Pensioen/stamrecht in eigen beheer en flex-bv

Vanaf 1 oktober 2012 is het nieuwe bv-recht (flex-bv) van kracht. Op de pensioensite van de Belastingdienst zijn twee zogenoemde vraag & antwoordbesluiten gepubliceerd die ingaan op situaties die kunnen ontstaan als gevolg van het nieuwe bv-recht. Met name dga’s die geen 10% van de aandelen met stemrecht in de pensioen- of stamrecht-bv hebben, moeten actie ondernemen.
Met het invoeren van de Wet vereenvoudiging en flexibilisering bv-recht is per 1 oktober 2012 de definitie van een dga in artikel 1 van de Pensioenwet aangepast. Aan de definitie van de dga is toegevoegd dat minimaal 10% van de aandelen of certificaten van aandelen de dga stemrecht moeten geven op de algemene vergadering van aandeelhouders.

Indien de dga niet aan deze voorwaarde voldoet, is het binnen de wettelijke fiscale voorwaarden niet mogelijk om pensioen in eigen beheer op te bouwen. Het wijzigen van de definitie van de Pensioenwet op 1 oktober 2012 kan voor bestaande pensioenovereenkomsten tot gevolg hebben dat de pensioenopbouw niet langer in eigen beheer kan plaatsvinden. Indien de pensioenopbouw in eigen beheer in dat geval niet stopt per 1 oktober 2012 zal de totale opgebouwde pensioenaanspraak op grond van artikel 19b Wet LB direct in de belastingheffing worden betrokken. Op grond van artikel 30i van de AWR wordt er bij de pensioengerechtigde bovendien revisierente in rekening gebracht.
De tweede vraag betreft het terugbetalen van aandelenkapitaal en het uitkeren van dividend door de flex-bv vanwege het vervallen van het verplichte aandelenkapitaal van € 18.000. Bestaande bv’s kunnen het eerder gestorte (minimum) aandelenkapitaal na het aanpassen van de statuten bijna helemaal terugbetalen aan de aandeelhouder(s). Daarnaast zijn de civielrechtelijke regels voor het uitkeren van dividend gewijzigd. Het uitkeren van dividend is alleen mogelijk na goedkeuring door het bestuur van de bv, waarbij het bestuur moet toetsen of de continuïteit van de onderneming niet in gevaar komt door de dividenduitkering. Een ten onrechte goedgekeurde dividenduitkering kan tot gevolg hebben dat het bestuur door benadeelde schuldeisers aansprakelijk wordt gesteld.
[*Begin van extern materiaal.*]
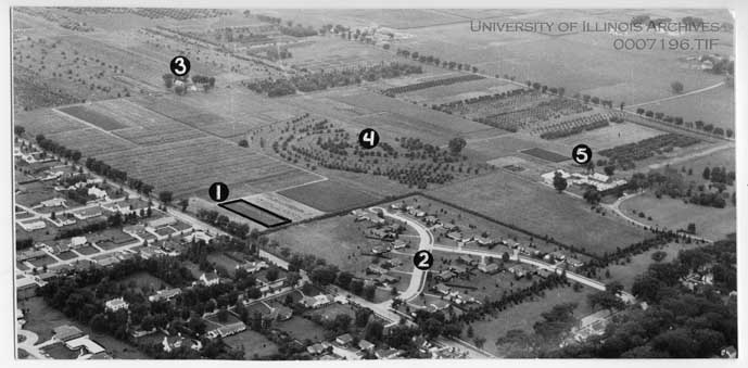 Black and white photograph of Orchard Downs from an aerial view. Orchard Downs is primarily married student housing.

De Belastingdienst geeft aan dat het terugbetalen van aandelenkapitaal of het uitkeren van dividend gevolgen heeft voor de fiscale behandeling van een door de bv uitgevoerde pensioen- of stamrechtovereenkomst, indien de bv hierdoor niet langer in staat is om het pensioen en/of stamrecht volledig uit te keren. In dat geval is er sprake van een (gedeeltelijke) afkoop van pensioen of stamrecht en wordt de volledige pensioen- en/of stamrechtaanspraak op grond van artikel 19b van de Wet LB direct in de belastingheffing betrokken. Op grond van artikel 30i van de AWR wordt er bij de pensioen- en/of stamrechtgerechtigde bovendien revisierente in rekening gebracht.
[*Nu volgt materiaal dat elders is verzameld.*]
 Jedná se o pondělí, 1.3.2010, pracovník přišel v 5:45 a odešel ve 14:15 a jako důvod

Voor de vraag of de bv nog in staat is om het pensioen en/of stamrecht volledig uit te keren, is het na de uitkering van kapitaal of dividend resterende vermogen van de bv van belang. Er moet voldoende vermogen in de bv achterblijven om het pensioen en/of stamrecht op de korte en lange termijn volledig te kunnen uitbetalen. Voor deze toets moeten alle activa en passiva van de bv (inclusief de pensioen- en/of stamrechtverplichting) gewaardeerd worden op de werkelijke waarde in het economische verkeer. De waarde van de pensioen- en/of stamrechtverplichting is minimaal gelijk aan de koopsom die aan een professionele verzekeringsmaatschappij betaald zou moeten worden voor het onderbrengen van die verplichting. Bij het vaststellen van de waarde moet onder meer rekening worden gehouden met een toegekende indexatie van de pensioen- en/of stamrechtuitkeringen. Indien het risico van vooroverlijden deel uit maakt van de door de bv uitgevoerde pensioen- en/of stamrechtovereenkomst dient hier ook rekening mee gehouden te worden voor het minimaal in de bv achter te blijven vermogen.